Они начали реабилитацию живописи и изобретательства. По Леонардо Аретино, Данте любил музыку, изучение ее было обязательно для философа и в Средние века, а кроме того «превосходно рисовал». Контекст, в котором Данте говорит о своей живописи (Новая жизнь XXIV 1–3 disegnava uno angelo sopra certe tavolette), позволяет думать, что она была для него другой способ продолжить поэтическую мысль. Петрарка, судя по его сохранившемуся рисунку, тоже был незаурядным художником. На то, что слова, обозначающие работу поэта и художника, отличаются только одной буквой, первый указал возможно Петрарка, который в двустишии на миниатюре, приложенной к его роскошному тому Вергилия, рядом с именем поэта поставил имя иллюстратора, Симоне Мартини: «Мантуя дала Вергилия, создавшего (fi nxit) такие песни, Сиена – Симона, так нарисовавшего (pinxit) своим перстом». Всякое мастерство уважалось.
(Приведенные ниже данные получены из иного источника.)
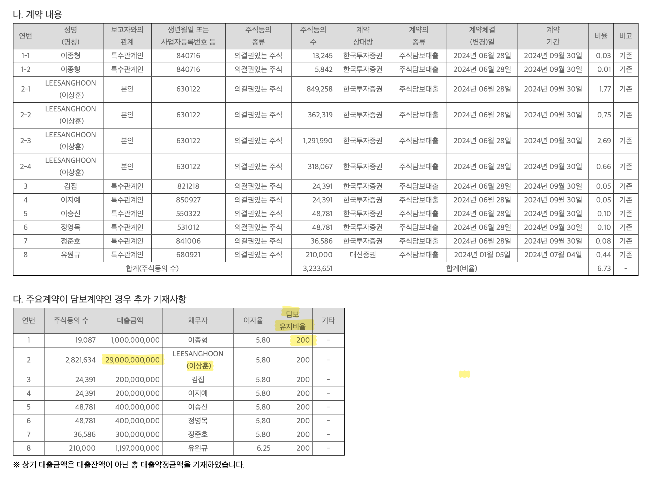 특수관계인들까지 골고루 대출이 많습니다 ^^;

Петрарка оставил по завещанию «пятьдесят золотых дукатов на покупку колечка, которое он пусть носит в мою память… магистру Иоанну де Донди, врачу и физику и бесспорно первому из нынешних астрономов, именуемому также Часовщиком, по планетарию – дивному созданию, которое он изготовил и которое невежественная толпа называет часами».
Особенно на фоне косности всякий труд был благословен. «Я и советую и зову со всей настойчивостью и с высшим напряжением сил изгонять душевный мрак и невежество в стремлении здесь, на земле научиться чему-то, что откроет нам путь к небесам… Продвигаясь в познании вещей… мы не должны прерывать этот путь до последнего дыхания» (Повседн. I 8). «Другим, может, покажется, что я гонюсь за славой, но ты… угадаешь мою жизнь и настроение и поймешь, что мне отсюда больше стыда чем славы, – а именно оттого что в преклонном возрасте у меня забота о чем-то другом кроме как о душе. Однако таков я, и даже убеждаю себя, что и для души окажутся полезны мои труды, недаром я отдаюсь им всё беззаботней и радостней». Поскольку любящая мудрость, философия, есть жизнь и без нее просто пока еще нет человека, любое занятие оправдано, лишь бы оно помогало тянуться ввысь» (там же XXI 11; 12).
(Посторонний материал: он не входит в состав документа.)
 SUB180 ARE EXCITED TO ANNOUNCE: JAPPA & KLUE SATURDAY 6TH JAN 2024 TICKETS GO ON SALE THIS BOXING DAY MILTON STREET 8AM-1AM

Если раннему возрождению человека не противоречило развертывание частных искусств и умений, пусть техническое совершенствование грозило превратить его в узкого специалиста, но и наоборот, homo inventor и homo faber позднего Ренессанса, уже превращающийся в специалиста, хранит привязанность к поэтам, показавшим образ человеческого совершенства.
Макиавелли, перешедший от противопоставления реальности и идеала к такому историзму в политической науке, который ближе к современной социологии чем к историософии Данте и Петрарки, говорит в год написания «Государя» эти фразы о своих прогулках: «Выйдя из леса, иду к источнику, а оттуда – на мой птицеловный ток. Под рукой у меня книга, Данте, или Петрарка, или один из меньших латинских поэтов, как Тибулл, Овидий и подобные; читаю об их любовных страстях, и эти их любови напоминают мне о моей; такая мысль доставляет мне на какое-то время удовольствие». Кончается «Государь» рассуждением о Фортуне и Добродетели и цитированием пророчества Петрарки: «Добродетель поднимет оружие против безумной ярости, и битва будет короткой, ибо древняя доблесть (antiquo valore) еще не умерла в итальянских сердцах» (Книга песен 128, 93–96).
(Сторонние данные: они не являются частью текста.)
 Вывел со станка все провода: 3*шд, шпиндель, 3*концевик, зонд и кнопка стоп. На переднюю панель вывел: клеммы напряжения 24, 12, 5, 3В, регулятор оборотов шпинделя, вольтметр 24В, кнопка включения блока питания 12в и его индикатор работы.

Леонардо через голову гуманистов-филологов, фанатиков антикизирующей стилизации протягивает руку ранним поэтам, удостаивая их равной чести с художниками. Если поэт просто именует словами то, что «фактически есть в природе», он не может сравниться с художником, оставаясь лишь ритором, астрологом, философом, теологом; «но если он возвращается к изображению какой-либо вещи, он способен стать соперником живописца» (Quaderni anatomici С III 7 r). Упорная строгость, метод Леонардо – это та же добродетель, virtus, вторгшаяся в научно-художественное исследование. И, возможно, даже Петрарка, у которого ранняя серьезность, достойная Данте, с десятилетиями всё же немного уступает место филологической игре, изменил сам себе больше, чем omo sanza lettere[257]257
Так называл себя Леонардо, который писал на диалекте как придется (grogria вместо gloria и т. д.) И плохо знал латынь.
[Закрыть] – ему.
Когда о добродетели как счастливой деятельной полноте человека внутри политического организма уже нельзя было мечтать, макиавеллиевское искусство власти всё еще оставалось добродетелью в особом смысле. Политическая наука Макиавелли вовремя явилась необходимой третьей силой между благонамеренной, но уже беспомощной массой и вырастающей на почве ее пассивности угрозой неограниченной тирании[258]258
A. Zanini. Machiavelli, I’etico contro il politico. – «Belfagor», а. XXXIX, n. 1, Firenze, 1984, р. 30.
[Закрыть]. Спиноза понимал, что Макиавелли «хотел показать, как неразумно поступают многие, стремясь устранить тирана, когда не могут быть устранены причины, вследствие которых государь превращается в тирана» (Политический трактат V 7). Когда почва для тирании налицо и государство-общество (полис) невозможно, единственным реальным противовесом государству-власти (тирании) выступает научное и в этом смысле беспристрастное искусство политика.
Подобной третьей силой хотело быть изобретательство Леонардо да Винчи. Его хлестко обвиняют в «равнодушии к судьбам родины и государств вообще» примерно так же, как Макиавелли уличают в безнравственности. Леонардо, по-видимому, был настолько же лишен лицемерия, насколько и красноречия. Он тоже видел настоящие причины зла и не бежал от ситуации к созерцанию идеальных образцов. Он воспринимал всю Землю в ее истории как живой и, возможно, ощущающий организм, где подземные воды – артерии и вены, почва – плоть, леса – волосяной покров, горные кряжи – кости, сердце – недра океана, «а жар души мира – огонь, пронизывающий земные недра» (Codex Leicester 33 v–34 r = Codex Hammer 4 А left – 3 В right). Эта чуткая Земля дышит и, как думает Леонардо, в нашу эпоху по каким-то причинам истекает кровью. «Разветвления водных вен все соединены вместе в нашей Земле, как кровеносные сосуды у других живых существ; и в них происходит постоянное кровообращение для поддержания ее жизни, причем всегда исчерпываются места, откуда они (воды) движутся, как внутри Земли, так и на поверхности; и гораздо больше воды в своей совокупности проливают реки (разрывы вен), чем они имели обыкновение, из-за чего поверхность моря несколько осела к центру мира, будучи обязана заполнить пустоту из-за такого расширения этих вен» (С. Leicester 28 r = С. Hammer 9 В right).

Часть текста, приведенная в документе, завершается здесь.